* STUDY MATERIAL
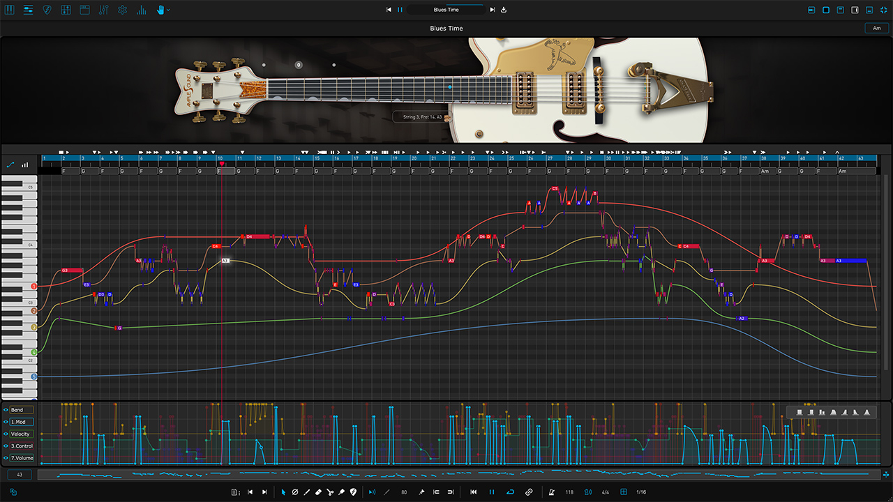 ギター・リフを作成する「Riffer 4」機能では、ピアノロール上で演奏される弦ごとに、どのノートがどの弦で演奏されるのかイメージしながらリフをエディットすることができます。また、DAW さながらのMIDI CCやベロシティ・エディターも完備。コードやキーを指定して、合わせてノートをまとめて転調することも可能です。ストラム作成がより直感的かつ効率的になる「Strum Note」機能によって、リフ中の和音を構成する複数のノートを1つのオブジェクトとして扱うことができ、ストラムのタイミング、ベロシティの変化、レガートといったパラメーターを一括コントロールできます。
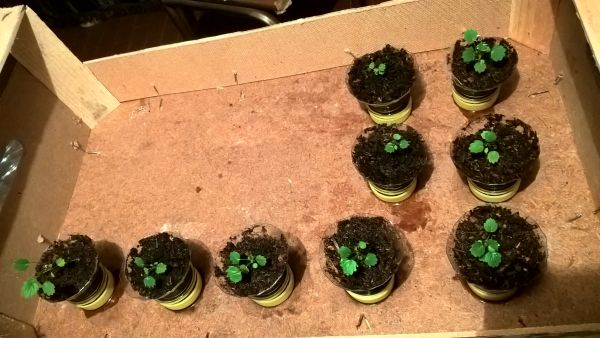Sono ancora pieno di bonsai di fragole. Ho trasferito su terra le piantine nate nel cotone e nella carta assorbente, visto che non crescevano. Poi ho rinchiuso in una scatola di cioccolatini e messo in balcone, dove finalmente avranno sole in abbondanza.
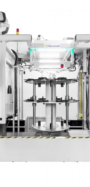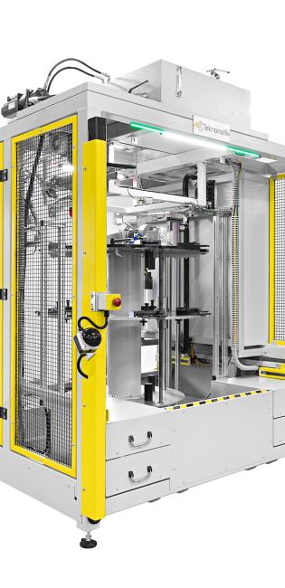 Sercem maszyny jest stół obrotowy, zbudowany na bazie wysokiej jakości serwonapędu Fibro o dokładności pozycjonowania +/- 30". Ze względu na różne długości amortyzatorów, możliwe jest dostosowanie wysokości środkowej płyty. Ruch góra-dół realizowany jest za pomocą siłownika elektrycznego. Pozycja zadawana jest z panelu operatorskiego oraz może być zapisana dla każdej referencji. Na górnej płycie stołu zamontowano specjalne chwytaki sprężynowe trzymające amortyzatory.
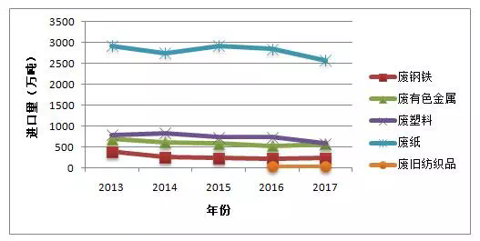 △ 图4 2013-2017年我国再生资源进口趋势图
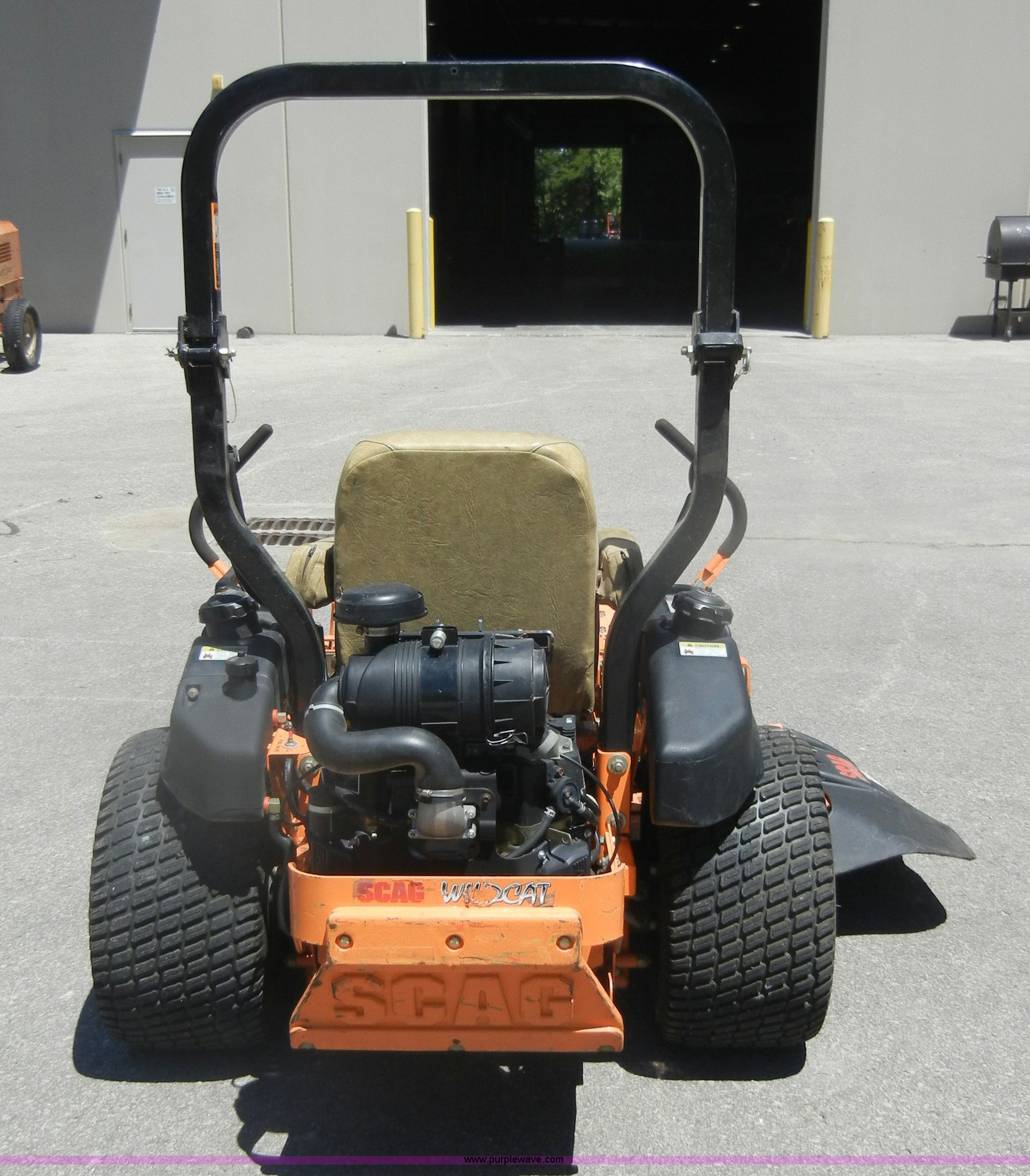 Purple Wave is selling a used Commercial Turf Mower in Kansas. This item is a Scag Wildcat ZTR lawn mower with the following: 654 hours on meter, 61" cut, Kohler 30 HP engine, ROPS, Captain seat, Dual fuel tanks, 13x6.50-6 front tires, 24x12.00-12 rear tires, Model STWC61V-30CV, Serial B5800022
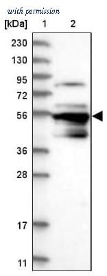 Western Blot: PCYOX1L Antibody [NBP1-81121] - Lane 1: Marker [kDa] 230, 130, 95, 72, 56, 36, 28, 17, 11 Lane 2: Human cell line RT-4
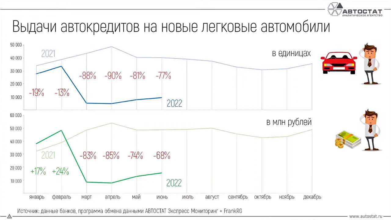 Эксперты связывают падение объемов автокредитования с повышением ЦБ РФ ключевой ставки до 20%. По мере снижения ключевой ставки автокредитование начало восстанавливаться.
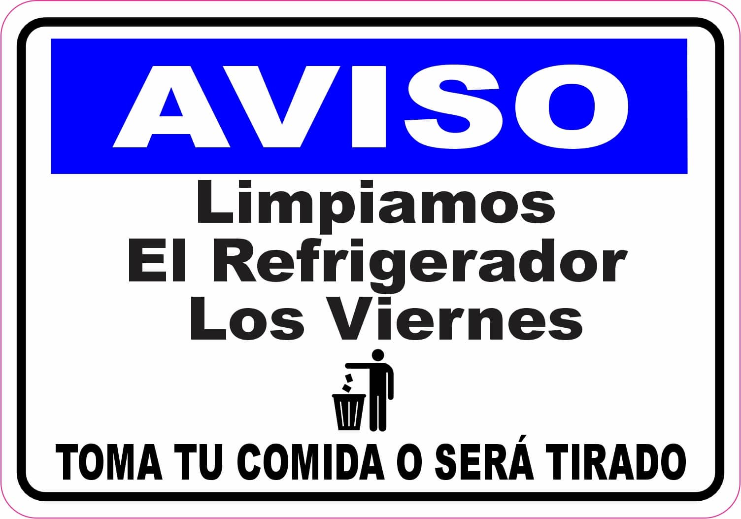 This magnet measures 5 inches wide by 3.5 inches tall. It is the Spanish equivalent of our Friday is Clean the Fridge Day magnet. On a white background are the words AVISO Limpiamos el Refrigerador Los Viernes Toma Tu Comida O Será Tirado in black letters. This is a great way to remind your Spanish speaking employees that the fridge will be cleaned on Friday and they if they want to keep anything, they should take it with them. The pink line indicates where the magnet will be cut and will not be printed on the final product.
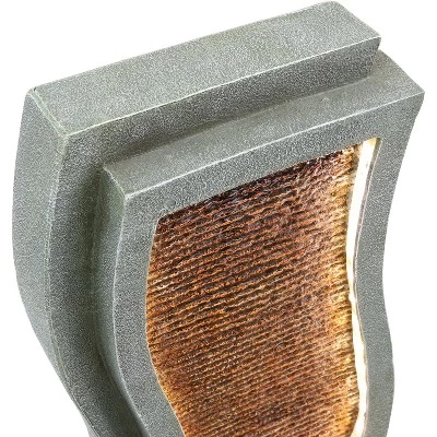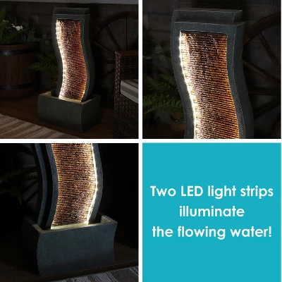 Add a beautiful and calming, modern styled water feature to your lawn, patio, yard, garden, or other landscaping area with this contemporary curves, resin, outdoor water fountain featuring LED lights. This durable exterior water feature is constructed of resin that can easily withstand the elements outdoors yet is also lightweight and much easier to move around than a traditional stone fountain. The water falls down the front face of this tower fountain over ridged edges for added visual detail and style. The interior of the textured column features two LED light strips that beautifully illuminate the water flowing down the face of the fountain at night. And, no complicated plumbing or installation is required with the included electric submersible pump that continuously recirculates the water for easy flow all day and night. This fountain also has an adjustable water flow feature so you can adjust the rate the water falls to any desired rate.
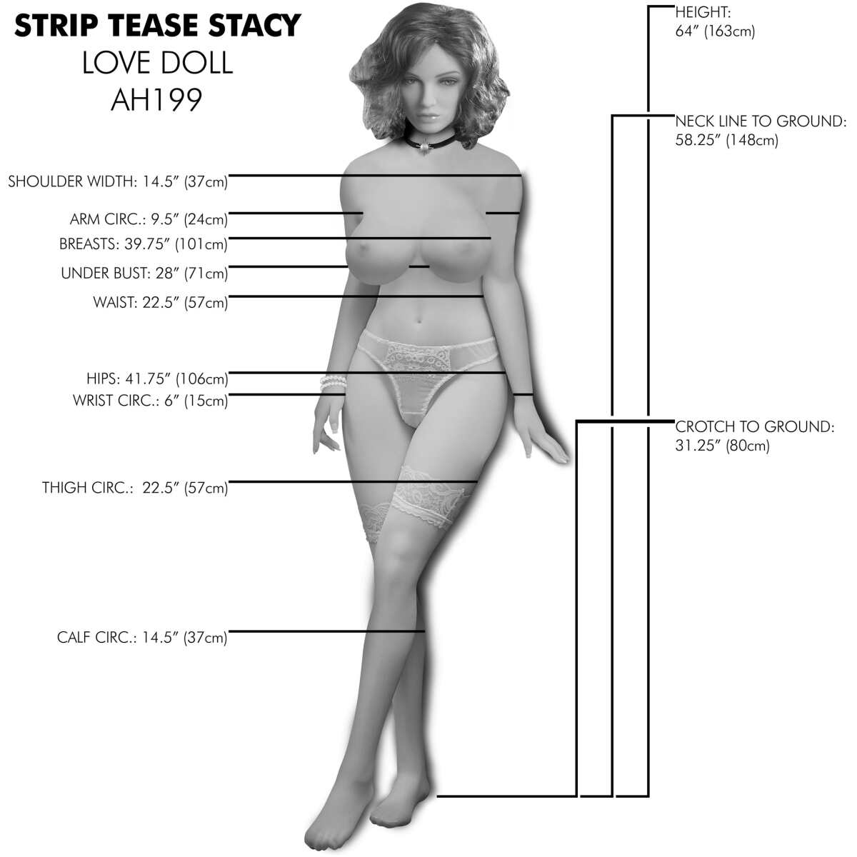 Stacy is here to make your wild fantasies come true! This SexToyDistributing Exclusive doll is designed to bring your strip club fantasies to life! Let her give you a strip tease and show off her large, heavy breasts and perky, upturned nipples. As she dances for you, enjoy her heavy lidded, light hazel eyes, her pouting, full lips with just the barest hint of a mischievous smile that waits to wrap her mouth around your rod, and her round, full bottom. As she does the splits for you and slips off her clothing, you can see the soft folds of her flowery, pink lips and the open hole of her rear entry. From her manicured nails to her delicate, small feet she is ready to be worshiped and adored. She’s a true dream-girl who’s more than happy to come home with you!

* TASK STATEMENT
Quote word for word only the lines above from the one containing "Эксперты связывают падение" through the one containing "This magnet measures". Pictures stay out of your copy.

* ANSWER TO THIS TASK
 Эксперты связывают падение объемов автокредитования с повышением ЦБ РФ ключевой ставки до 20%. По мере снижения ключевой ставки автокредитование начало восстанавливаться.
 This magnet measures 5 inches wide by 3.5 inches tall. It is the Spanish equivalent of our Friday is Clean the Fridge Day magnet. On a white background are the words AVISO Limpiamos el Refrigerador Los Viernes Toma Tu Comida O Será Tirado in black letters. This is a great way to remind your Spanish speaking employees that the fridge will be cleaned on Friday and they if they want to keep anything, they should take it with them. The pink line indicates where the magnet will be cut and will not be printed on the final product.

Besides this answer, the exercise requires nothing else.